> **EXERCISE**
An exact copy of every record is needed, with the pictures left out.

Records excerpted from a collection
● ● ● ● ●
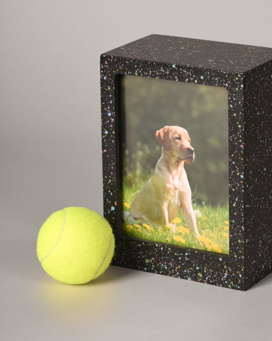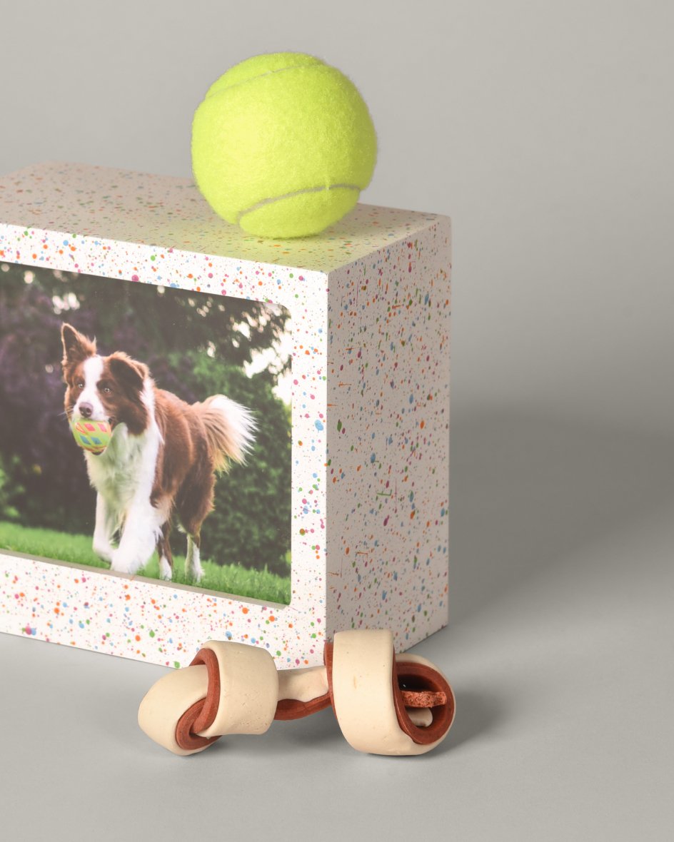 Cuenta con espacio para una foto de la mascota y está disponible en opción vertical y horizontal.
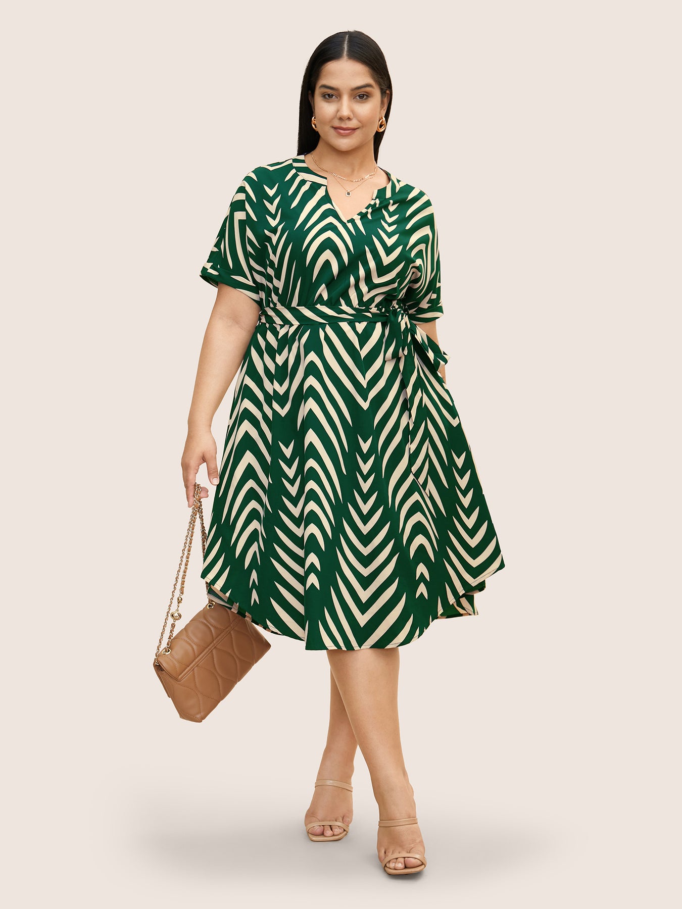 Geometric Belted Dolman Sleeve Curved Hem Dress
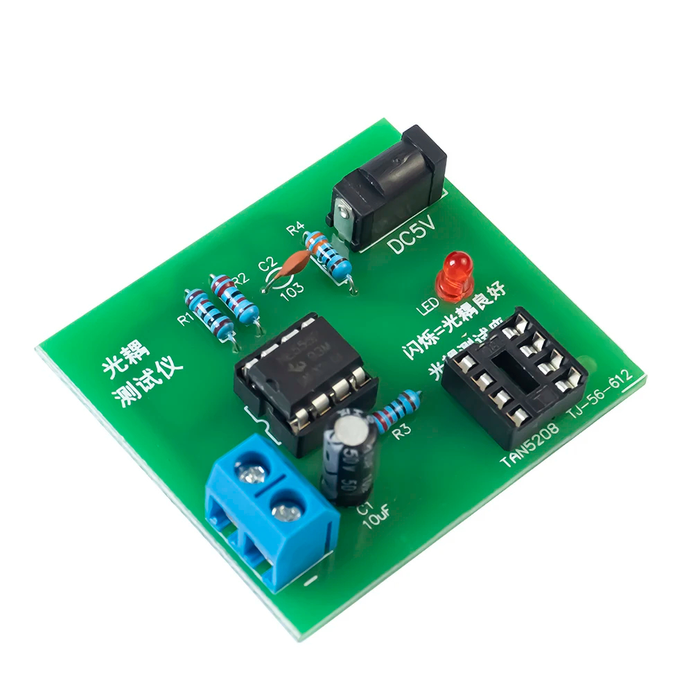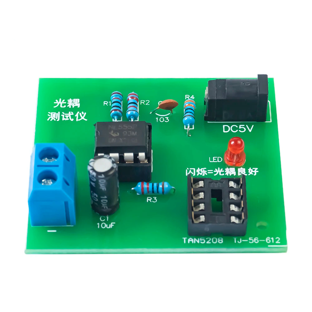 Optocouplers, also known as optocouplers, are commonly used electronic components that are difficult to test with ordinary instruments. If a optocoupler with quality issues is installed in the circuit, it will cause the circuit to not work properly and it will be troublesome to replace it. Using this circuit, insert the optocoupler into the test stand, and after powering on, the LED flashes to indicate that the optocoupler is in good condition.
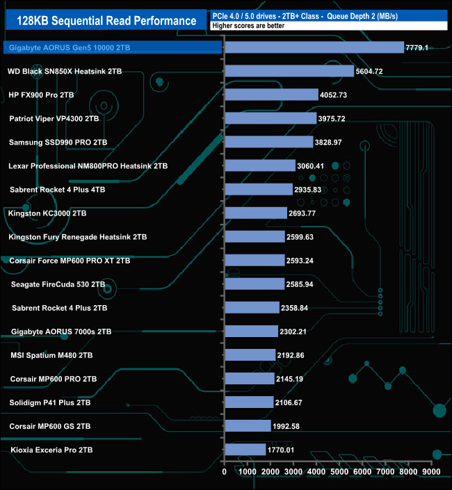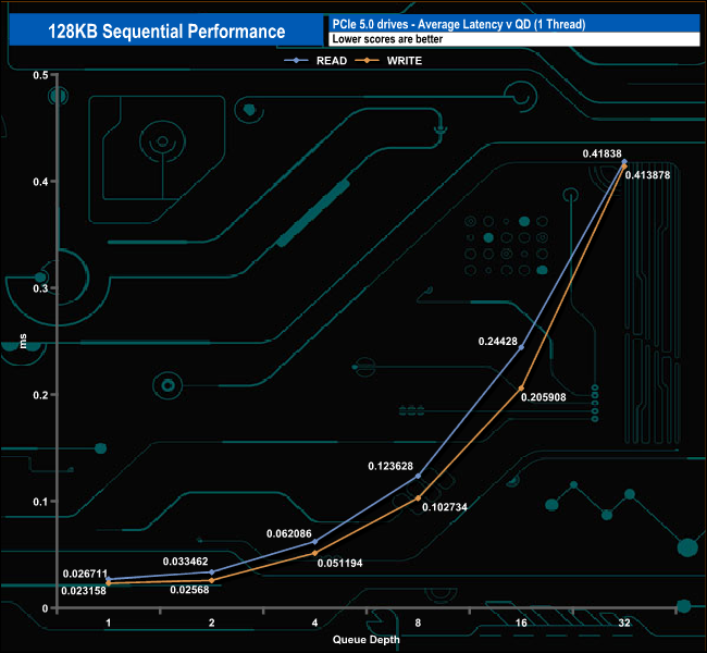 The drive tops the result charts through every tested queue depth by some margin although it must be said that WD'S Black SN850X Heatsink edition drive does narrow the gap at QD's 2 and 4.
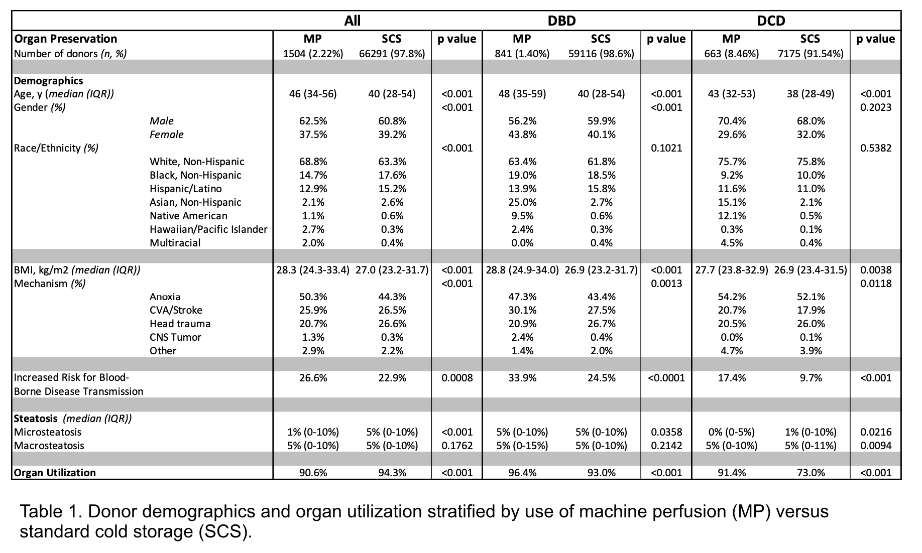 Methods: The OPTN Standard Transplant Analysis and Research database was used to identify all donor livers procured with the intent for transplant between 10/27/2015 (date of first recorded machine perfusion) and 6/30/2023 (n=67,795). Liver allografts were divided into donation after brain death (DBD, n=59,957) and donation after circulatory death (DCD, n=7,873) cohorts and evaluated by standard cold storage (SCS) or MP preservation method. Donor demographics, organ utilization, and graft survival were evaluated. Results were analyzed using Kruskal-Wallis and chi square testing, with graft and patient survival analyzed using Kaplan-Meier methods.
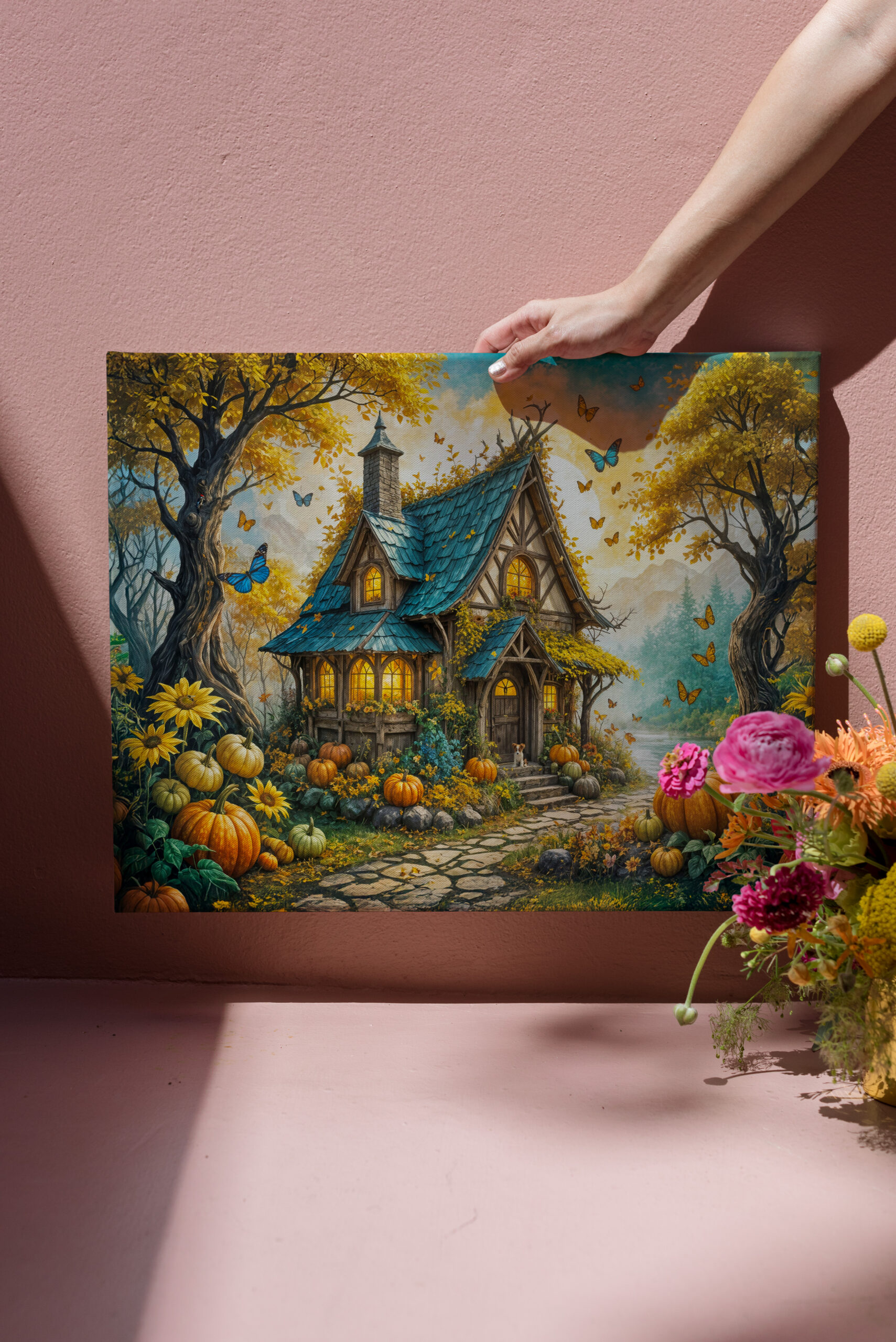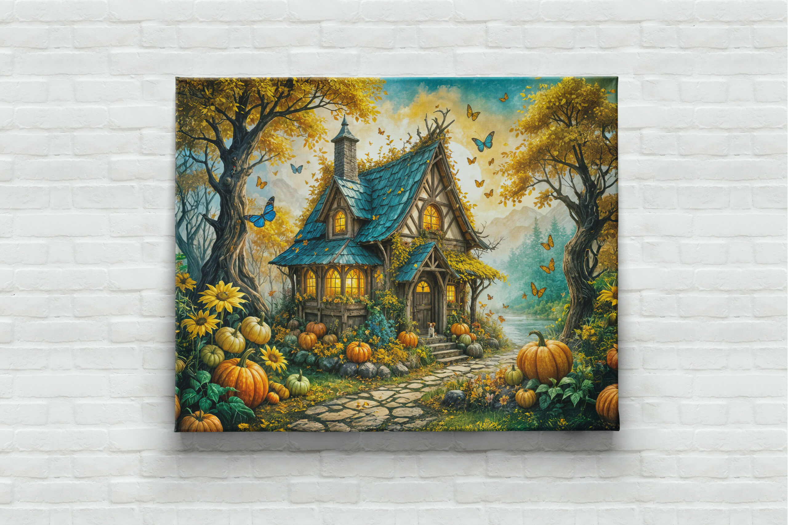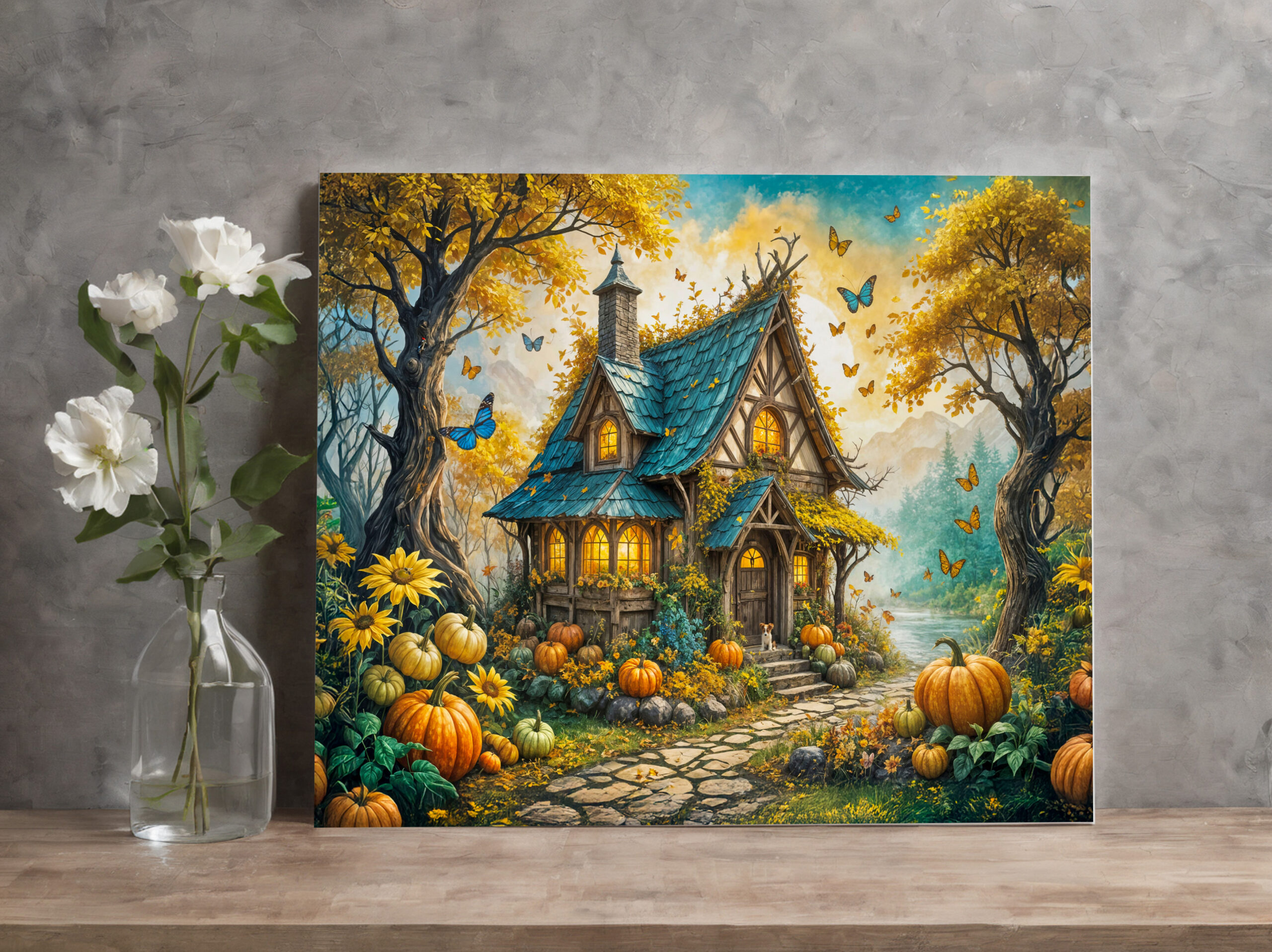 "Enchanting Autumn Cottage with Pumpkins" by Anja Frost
● ● ● ● ●
> **ANSWER**
 Cuenta con espacio para una foto de la mascota y está disponible en opción vertical y horizontal.
 Geometric Belted Dolman Sleeve Curved Hem Dress
 Optocouplers, also known as optocouplers, are commonly used electronic components that are difficult to test with ordinary instruments. If a optocoupler with quality issues is installed in the circuit, it will cause the circuit to not work properly and it will be troublesome to replace it. Using this circuit, insert the optocoupler into the test stand, and after powering on, the LED flashes to indicate that the optocoupler is in good condition.
 The drive tops the result charts through every tested queue depth by some margin although it must be said that WD'S Black SN850X Heatsink edition drive does narrow the gap at QD's 2 and 4.
 Methods: The OPTN Standard Transplant Analysis and Research database was used to identify all donor livers procured with the intent for transplant between 10/27/2015 (date of first recorded machine perfusion) and 6/30/2023 (n=67,795). Liver allografts were divided into donation after brain death (DBD, n=59,957) and donation after circulatory death (DCD, n=7,873) cohorts and evaluated by standard cold storage (SCS) or MP preservation method. Donor demographics, organ utilization, and graft survival were evaluated. Results were analyzed using Kruskal-Wallis and chi square testing, with graft and patient survival analyzed using Kaplan-Meier methods.
 "Enchanting Autumn Cottage with Pumpkins" by Anja Frost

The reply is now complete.